Николай Трифонович не узнает своей шахты. Трещат доски, летят подпорки, хлещет рыжая вода. Люди мечутся.
— Дядя Коля! Не можем найти, где пробило! — кричит Серёга.
Как разглядеть, откуда она бьёт, страшная вода? И крик: «Плывун! Плывун!» Кидаются рабочие то туда, то сюда.
Вдруг Серёга кричит:
— Нашёл! Вот здесь пробоина!
Он рвёт с себя куртку — и в дыру. Сам стоит по пояс в воде и пытается курткой остановить плывун.
Бригадир подскочил к нему и тоже курткой дыру закрывает. Но выбило куртки, что за сила в куртках, когда стихия бушует!
Стали люди толкать в пробоину доски, камни. Меньше стала струя. И наконец унялся плывун.
Только тут заметил бригадир, что он по грудь в воде и другие тоже плавают. А Серёга ростом не вышел и плавать не умеет, так он за бригадира уцепился и висит на его плече.
Дали ток, заработали насосы. К утру воды стало в шахте меньше. А могла и шахта погибнуть.
Вышли наверх, Серёга говорит:
— Дядя Коля, ты меня спас.
— Чего там. Вместе забой спасли.
Леденчик всё перепутал
По улице не спеша шагает человек. На нём огромные сапоги, как у мушкетёра. Брезентовый комбинезон заляпан глиной. На голове шляпа с широкими полями. Мишка сломя голову бежит за этим человеком. И никак не может поспеть: очень большие шаги у метростроевца. Испачканный костюм, и на щеках пятна извёстки. Очень красивый человек.

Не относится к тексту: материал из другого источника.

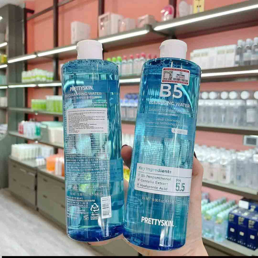 Nước tẩy trang B5 Prettyskin ứng dụng công nghệ Micellar hiện đại, giúp loại bỏ lớp trang điểm, bụi bẩn và dầu thừa một cách nhẹ nhàng, nổi bật với Panthenol, rau má và Hyaluronic Acid, không chỉ làm sạch mà còn hỗ trợ phục hồi, cấp ẩm và làm dịu da, đặc biệt phù hợp với làn da nhạy cảm hoặc da đang treatment.

Почему Мишка бежит за ним? Потому, что этот человек герой. Были герои-лётчики, и герои-полярники, и герои-пограничники. А это герой-метростроевец. И Сашка Пучков, и Леденчик, и Таня Амелькина, и Бориска с чужого двора — любой мальчишка и любая девочка не прошли бы спокойно мимо метростроевца. Обязательно бы бежали следом, сколько могли. А потом бы хвалились:
«Я сейчас у Смоленской метростроевца видел! Вот так — я, а так — он. Сапоги — во! Шляпа — во!»

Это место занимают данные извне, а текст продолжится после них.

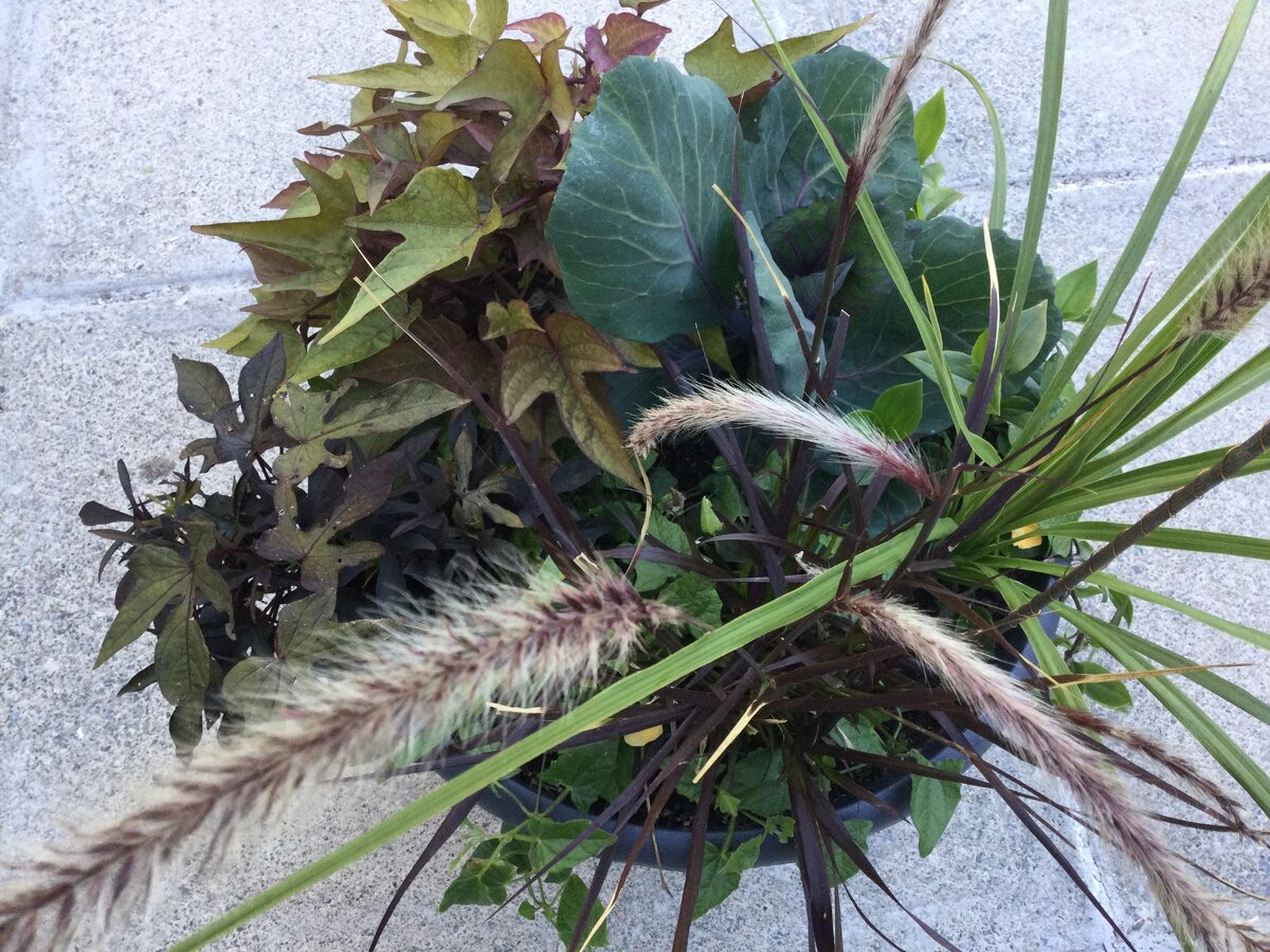In mid-July my local mom & pop grocery store put out a couple tables and offered up all their remaining greenhouse plants for free. Most of them were dead and beyond hope, but they were free, so I said what the heck they might be good for a fall planter. I brought them home and then proceeded to also neglect them in the tray, so neglect compiled on more neglect. 😜 Eventually I did get to them in their advanced stage of expiration, quickly slapped them all in a pot, added some food and water and went on with other things. And not much happened really. But last week I took a second look at the pot, and wow, stuff has come to life! Even the little Black Eyed Susan vine in there which I chopped right down might have a few teeny flowers by October! 🎃

Мишка вбегает во двор и кричит:
— Я метростроевца видел только что! У Смоленской!
— Подумаешь, — говорит Сашка. Но это он нарочно.
Каждый хочет встретить на улице метростроевца. Но они мало ходят по улице. Они много работают у себя в шахтах, под землёй. Они прокладывают невиданную подземную дорогу через весь город, от Сокольников до Центрального парка культуры с ответвлением на Смоленскую. Тринадцать станций. Мы с особым вкусом произносили их названия: «Красные ворота», «Библиотека имени Ленина», «Дворец Советов», «Охотный ряд», «Кировская».
Там, под землёй, земля называется породой. И каждый мальчишка и каждая девочка в нашем дворе знают, что бывает лёгкая, мягкая порода, а бывает твёрдая, и тогда проходчикам труднее.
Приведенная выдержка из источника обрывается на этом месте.